I hated the dining room chairs, that were so
special.
Hard cushions and wicker backs that weren’t comfortable, nothing like the worn vinyl kitchen chairs. Our family meals were always in the kitchen and the dining room was used only for special occasions, occasions of forced festivity arranged by my mother and her family to celebrate birthdays, holidays.

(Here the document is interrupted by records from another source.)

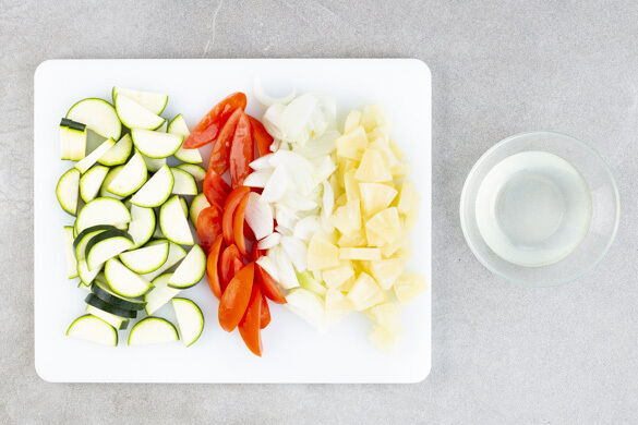 In einem mittelgroßen Topf 600ml leicht gesalzenes Wasser für den Reis zum Kochen bringen. Die Zucchini längs halbieren und quer in dünne Scheiben schneiden. Die Tomaten entkernen und in dünne Spalten schneiden. Die Zwiebeln schälen, halbieren und in dünne Streifen schneiden. Die ½ der Ananas in einem Sieb abtropfen lassen, dabei den Saft auffangen.
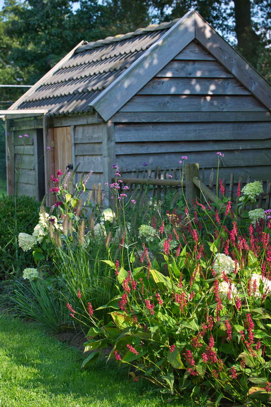 - Bistorta amplexicaule, Hydragena paniculata 'Limelight', Pennisetum, Rispenhortensie, Zaun, Schuppen, Stall
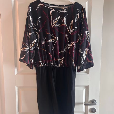 b.young hverdagskjole for dame i str. 40. Kjolen er flerfarget med mønstret stoff og er laget i polyester. Den har lange ermer og løs passform med voluminert skjørt. Ytterstoffet er lett og transparent med et underkjolestoff som gjør kjolen ikke-gjennomsiktig. Egnet som hverdagskjole eller til enkle anledninger.
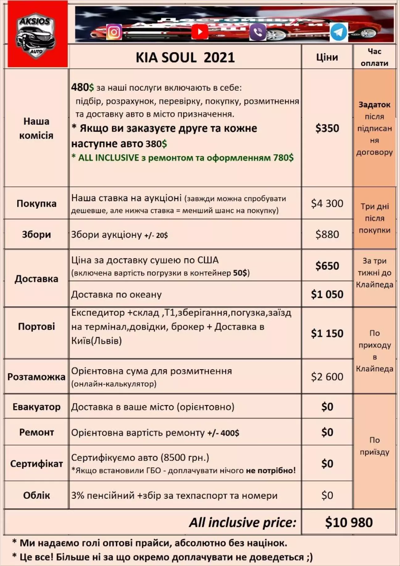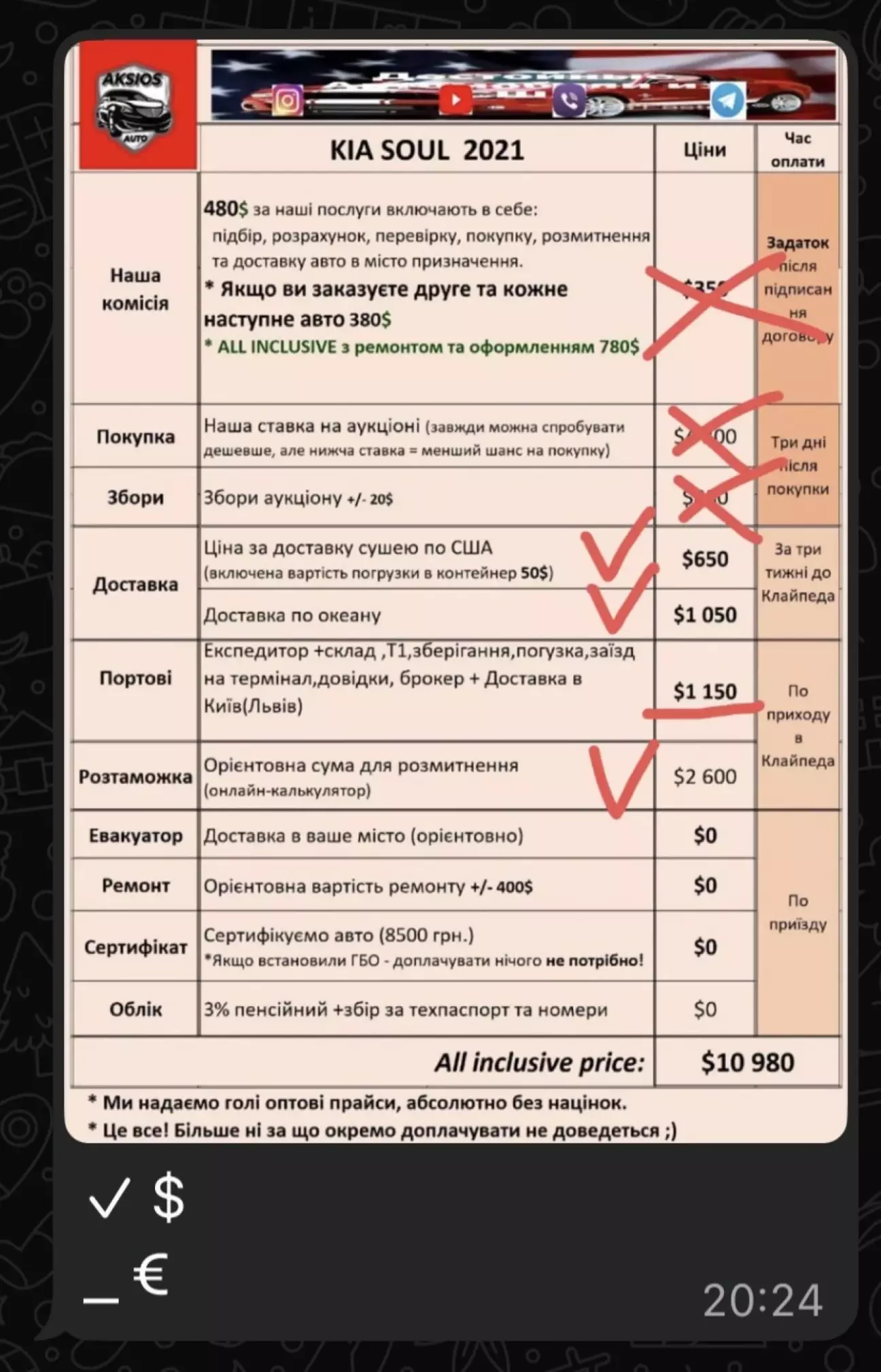 Звернувся за порадою до свого родича який мегі порадив саме одну фірму яка займається пригоном авто зі штатів, нібито він проганяв собі авто, його кум, та деякі родичі і залишились задоволені купівлею автомобіля, тому я теж вирішив звернутися до них. В цілому поки залишаюсь задоволений бо обіцяні витратити співпадають з заявленими на 90-95%. Єдине про що не сказали, так це про розрахунок за логістику від Литви до України не в $ як в прайсі а в €. Тут начеб -то нічого страшного але 1150$ та 1150€ по курсу на сьогодні трохи відрізняється, розумію що це не саме страшне але факт залишається фактом.
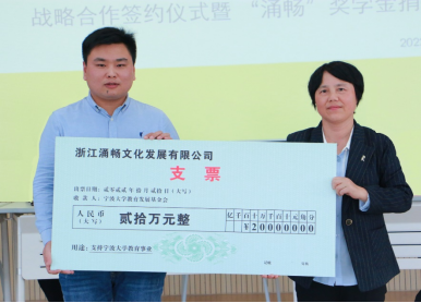 捐赠人民币20万元,设立“涌畅”奖学金,主要用于奖励美术学(师范)专业品学兼优的优秀学生。同时,调教
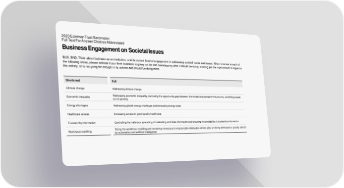 2023 Edelman Trust Barometer: Full Text For Answer Choices Abbreviated Business Engagement on Societal Issues BUS_BND. Think about business as an institution, and its current level of engagement in addressing societal needs and issues. When it comes to each of the following areas, please indicate if you think business is going too far and overstepping what it should be doing, is doing just the right amount in regard to this activity, or is not going far enough in its actions and should be doing more. Shortened Full Climate change Addressing climate change Economic inequality Redressing economic inequality, narrowing the opportunity gaps between the richest and poorest in this country, and lifting people out of poverty Energy shortages Addressing global energy shortages and increasing energy costs Healthcare access Increasing access to good quality healthcare Trustworthy information Controlling the malicious spreading of misleading and false information and ensuring the availability of trustworthy information Workforce reskilling Doing the workforce reskilling and retraining necessary to keep people employable whose jobs are being eliminated or greatly altered by automation and artificial intelligence
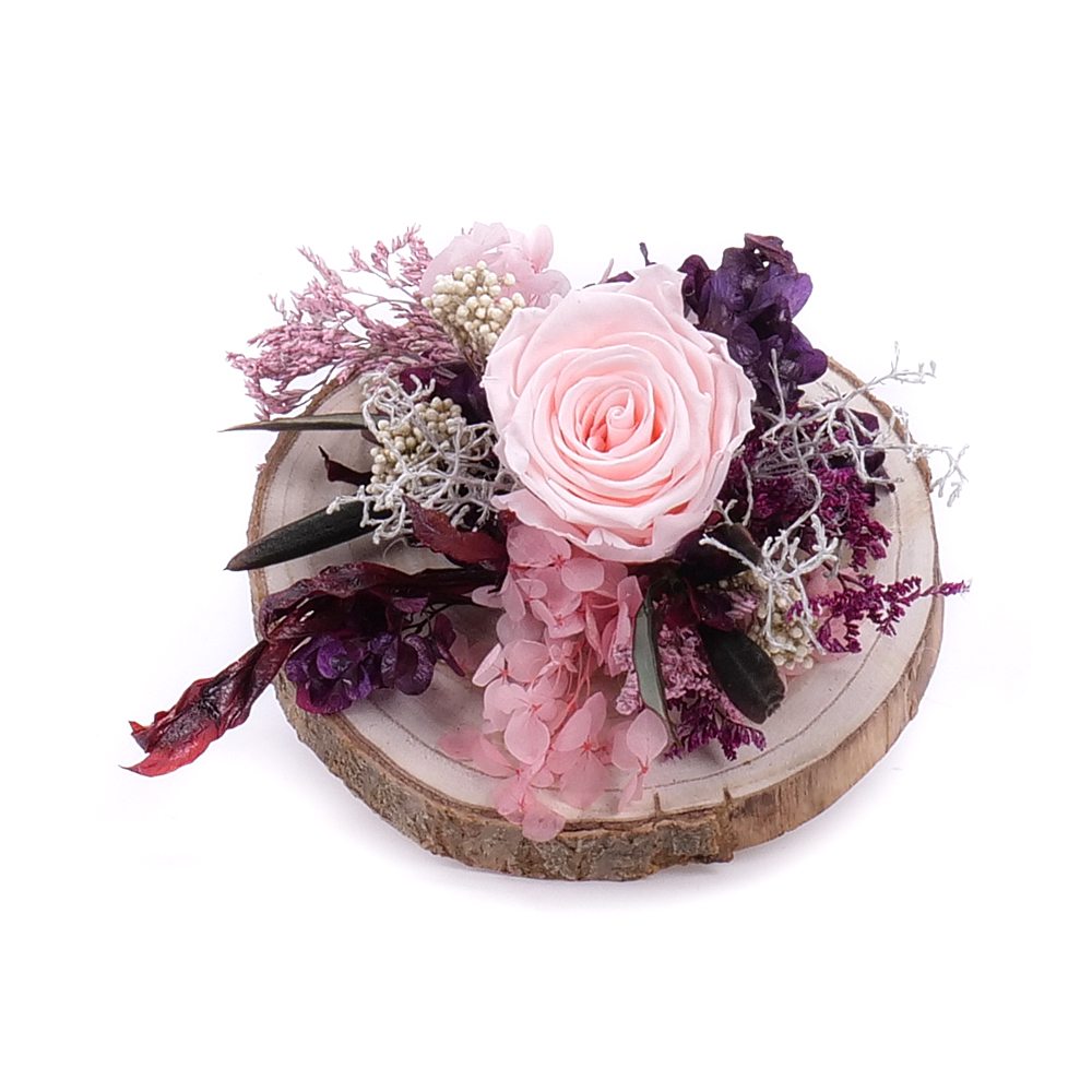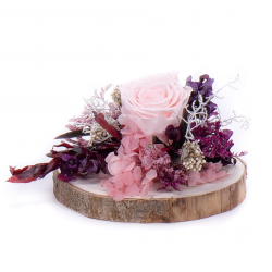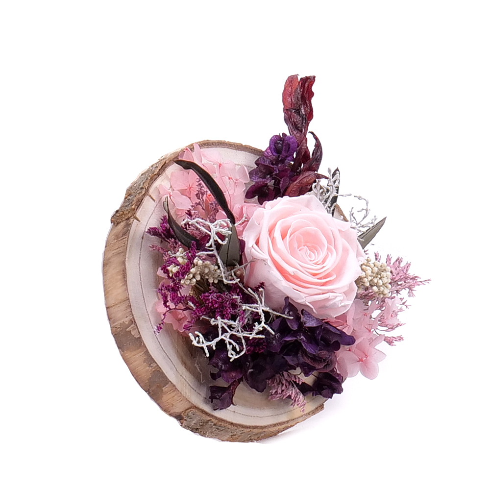 Darujte Vašim blízkym aranžmán s luxusnými trvácnymi kvetmi značky In Eterno, ktoré sú aranžované na drevenom podklade s prírodnými a preparovanými doplnkami.

There was an inflexible schedule by which Christmas eve, Christmas day, Thanksgiving, and Easter were rotated among my mother and her relatives.

Daddy had used to tease Mom about the tablecloth: What’s the point of cherrywood if no one can see it?—and Mom had said what if someone left a glass ring, a stain or a burn on the table, this was a risk she couldn’t take.

Since Daddy had gone to live with his brother Earl, Mom had become busy as we’d never seen her before. Always she was bustling about the house, up and down stairs; always she was on the phone. Bauer relatives came to see her every day, in the dining room with doors slid shut. There were several women friends who smiled grimly at me and looked as if they’d like to hug me against their droopy bosoms except I ducked away.

A hawk-faced man in a suit and necktie Mom introduced to Ben and me as “my accountant.” Another man in a suit and tie—“Mr. Nagel, my lawyer.”

Lawyer.
I didn’t want to think what this might mean.

Estranged. Separated. Divorced….

“Krista? I want you to listen carefully—”

With an awkward sort of tenderness my mother took hold of my chill squirmy hands. She was speaking in a quiet voice which was unsettling to me, a wrong-sounding voice, a forced voice, a voice in which something pleading quivered, though less than an hour ago I’d heard her on the phone speaking sharply, punctuating her words with bursts of what sounded like laughter. I wanted to shut my ears against her, thinking with childish stubbornness
Daddy will come back and change all this. Anything that is being done, Daddy will change back to what it should be.
Both Ben and I had noticed that our mother’s eyes had a weird glassy sheen for lately she’d been taking prescription medications to help her sleep and to settle her nerves. Not wanting to see Mom’s eyes I stared at our hands, locked so strangely together. As if we were in some dangerous place, on a rocky height for instance, it was our instinct to clutch at each other, in fear. And yet the fear I felt was for my mother. For those glassy red-rimmed eyes and for the smeared-lipstick mouth that might tell me something very ugly I would not wish to hear.